#### Exercise aim:
The expected output is an exact copy of each line from the line with "lifestyle, copy space" through the end of the data below, with no pictures in it.

#### Exercise material:
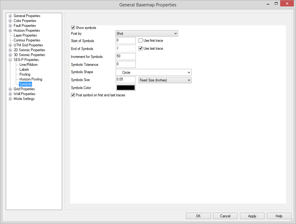 Geoscience > Main Launcher > Launch Menu > Basemap > General Properties > SEG-P Properties > Symbols for SEG-P
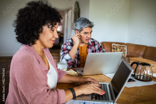 couple, adult, laptop, home, focused, concerned, budgeting, finance, kitchen table, teamwork, planning, bill, paperwork, cost of living, debt, savings, tax, home office, telecommuting, technology, communication, hot drink, mug, casual attire, morning, living room, concentration, stress, worried, spreadsheet, small business, partner, together, people, lifestyle, middle-aged, mature adult, cosy, dining table, domestic life, lifestyle, copy space
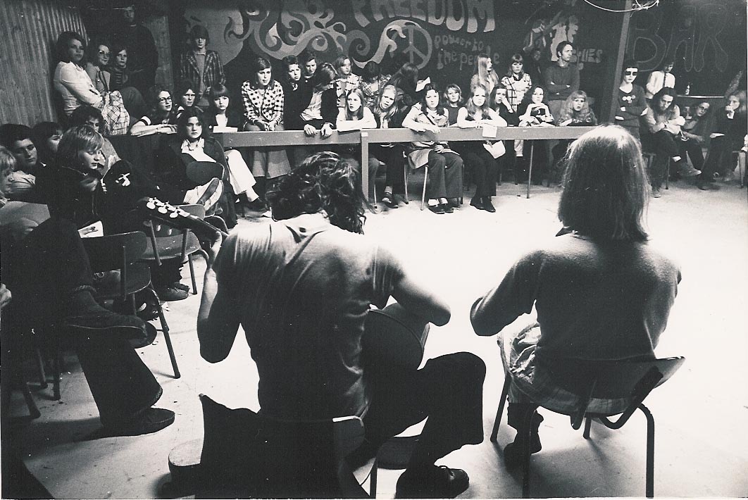 Fotografi fra Musidra Teaters produksjon Fugleskremsel (1972). En musikkdramatisk collage av Musidra Teater, våren 1972. Her: «Vivaldi». Regi: Helge Reistad i samarbeid med Eyvind Solås. Tekst: Kent Andersson.
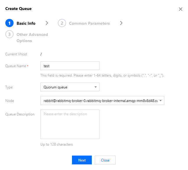 Basic Info | Current Vhost | Yes | Indicates which vhost the queue is being created for. |
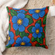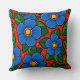 Blue Flowers and Green Leaves on a Red Background Kissen
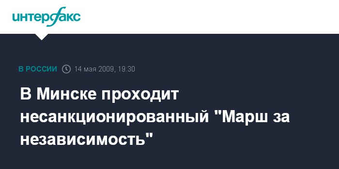 Минск. 14 мая. INTERFAX.RU - Несанкционированная уличная акция "Марш за независимость" началась на Октябрьской площади в центре Минска, передает корреспондент агентства "Интерфакс-Запад".
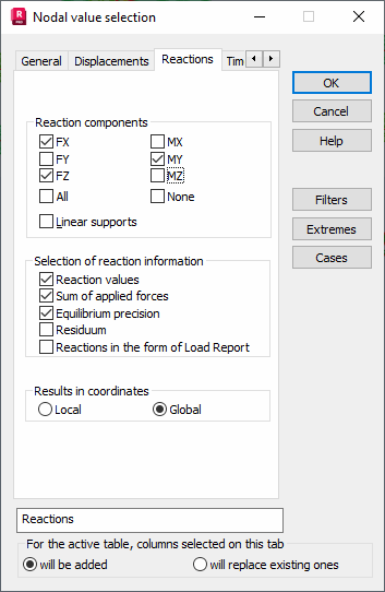 You can select either local or global coordinate systems in which the obtained reaction values will be presented.

#### Finished exercise:
 couple, adult, laptop, home, focused, concerned, budgeting, finance, kitchen table, teamwork, planning, bill, paperwork, cost of living, debt, savings, tax, home office, telecommuting, technology, communication, hot drink, mug, casual attire, morning, living room, concentration, stress, worried, spreadsheet, small business, partner, together, people, lifestyle, middle-aged, mature adult, cosy, dining table, domestic life, lifestyle, copy space
 Fotografi fra Musidra Teaters produksjon Fugleskremsel (1972). En musikkdramatisk collage av Musidra Teater, våren 1972. Her: «Vivaldi». Regi: Helge Reistad i samarbeid med Eyvind Solås. Tekst: Kent Andersson.
 Basic Info | Current Vhost | Yes | Indicates which vhost the queue is being created for. |
 Blue Flowers and Green Leaves on a Red Background Kissen
 Минск. 14 мая. INTERFAX.RU - Несанкционированная уличная акция "Марш за независимость" началась на Октябрьской площади в центре Минска, передает корреспондент агентства "Интерфакс-Запад".
 You can select either local or global coordinate systems in which the obtained reaction values will be presented.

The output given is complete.